▶ _WORK TO COMPLETE_
Beginning at the line that contains "Pour ce travail, nous" and finishing at the line that contains "Купить Линзы (стекла)", output the data below exactly. Include both end lines and no pictures.
RECORDS PROVIDED START
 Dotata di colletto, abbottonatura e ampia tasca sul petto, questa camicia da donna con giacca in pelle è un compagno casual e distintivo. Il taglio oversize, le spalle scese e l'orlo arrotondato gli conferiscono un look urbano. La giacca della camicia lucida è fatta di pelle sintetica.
RECORDS PROVIDED END
RECORDS PROVIDED START
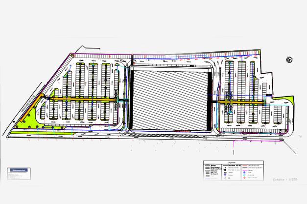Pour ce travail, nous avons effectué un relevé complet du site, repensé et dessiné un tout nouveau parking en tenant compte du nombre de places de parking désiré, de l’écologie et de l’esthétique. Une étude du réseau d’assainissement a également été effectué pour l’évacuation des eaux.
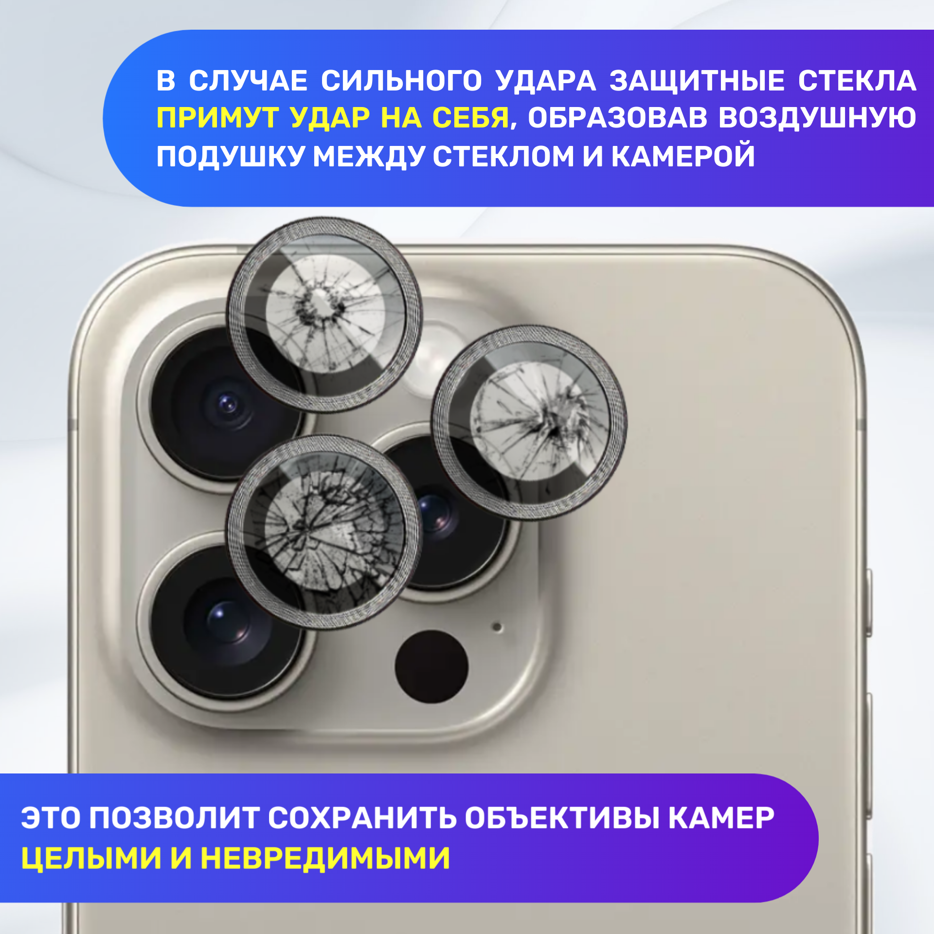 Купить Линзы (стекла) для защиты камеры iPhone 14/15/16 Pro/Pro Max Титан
RECORDS PROVIDED END
▶ _TASK SOLUTION_
Pour ce travail, nous avons effectué un relevé complet du site, repensé et dessiné un tout nouveau parking en tenant compte du nombre de places de parking désiré, de l’écologie et de l’esthétique. Une étude du réseau d’assainissement a également été effectué pour l’évacuation des eaux.
 Купить Линзы (стекла) для защиты камеры iPhone 14/15/16 Pro/Pro Max Титан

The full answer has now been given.